> **How to complete this task**:
All entries below are to be reproduced precisely as they stand, without the pictures.

Saved entries
>>>>
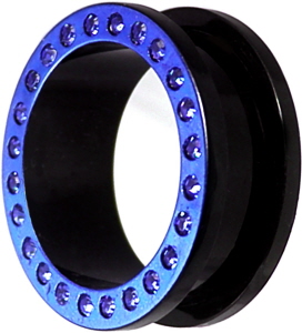 Material: Gewinde Flesh Tunnel aus Schwarzen Kunststoff mit Blauen Kristallen
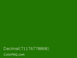 Decimal 71176778868 Color is a dark green color and the nearest color is Napier Green #2a8000. Hex code #227602 and RGB value is rgb(34,118,2). In RGB color space, this color is composed of 13% red, 46% green, 1% blue, In CMYK color space, this color is composed of 71% cyan, 0% magenta, 98% yellow , 54% black , In HSL color space, this color has a hue angle of 103° , 97% saturation and 24% lightness.
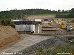 Obsyp a dostavba opěr železničního mostu nad silnicí I/18 na pozadí již obsypaného výjezdového (severního) portálu dokončeného Olbramovického tunelu.
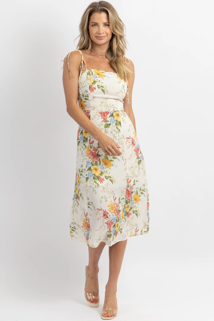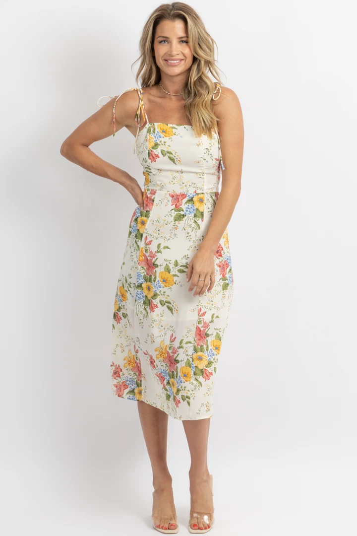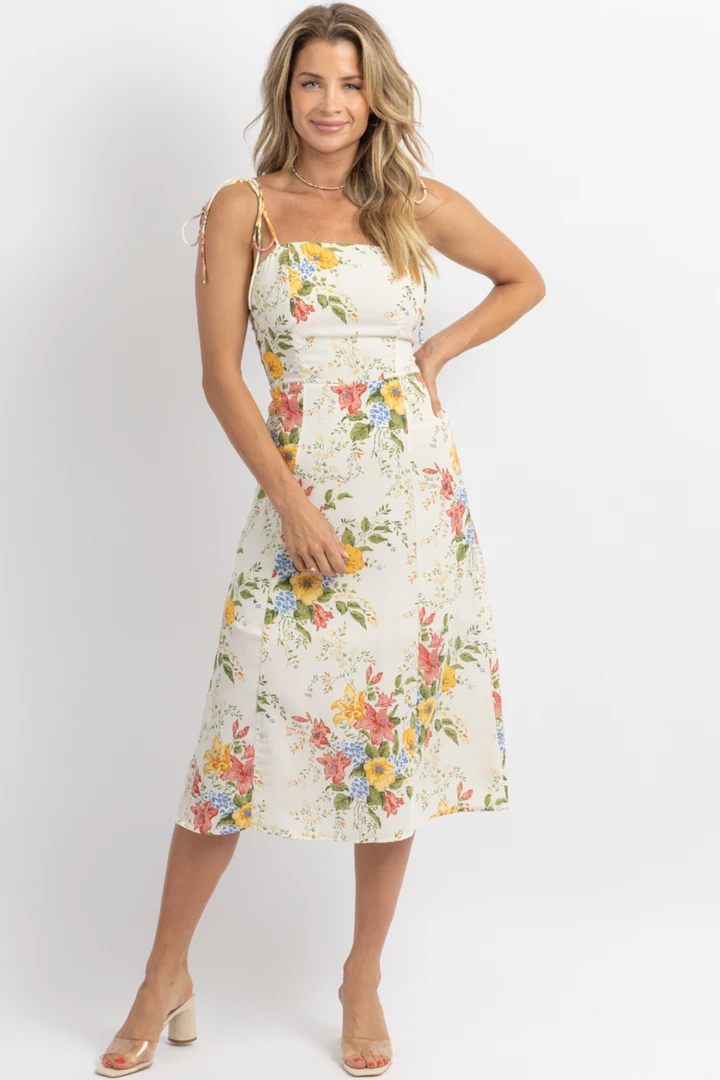Midi length, Straight neckline, Zippered, Tie straps, Floral
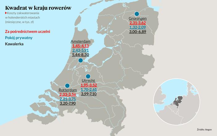 Poza jakością edukacji i szerokim wyborem kierunków zachętą do studiowania w Holandii są też stosunkowo niskie koszty utrzymania. Miesięczny koszt komunikacji miejskiej sięga 170-320 zł, książek i pomocy naukowych 140-320 zł, internetu (jeśli nie jest zawarty w czynszu) do 220 zł, a telefonu do 230 zł.
<<<<
> **Your response**:
 Material: Gewinde Flesh Tunnel aus Schwarzen Kunststoff mit Blauen Kristallen
 Decimal 71176778868 Color is a dark green color and the nearest color is Napier Green #2a8000. Hex code #227602 and RGB value is rgb(34,118,2). In RGB color space, this color is composed of 13% red, 46% green, 1% blue, In CMYK color space, this color is composed of 71% cyan, 0% magenta, 98% yellow , 54% black , In HSL color space, this color has a hue angle of 103° , 97% saturation and 24% lightness.
 Obsyp a dostavba opěr železničního mostu nad silnicí I/18 na pozadí již obsypaného výjezdového (severního) portálu dokončeného Olbramovického tunelu.
Midi length, Straight neckline, Zippered, Tie straps, Floral
 Poza jakością edukacji i szerokim wyborem kierunków zachętą do studiowania w Holandii są też stosunkowo niskie koszty utrzymania. Miesięczny koszt komunikacji miejskiej sięga 170-320 zł, książek i pomocy naukowych 140-320 zł, internetu (jeśli nie jest zawarty w czynszu) do 220 zł, a telefonu do 230 zł.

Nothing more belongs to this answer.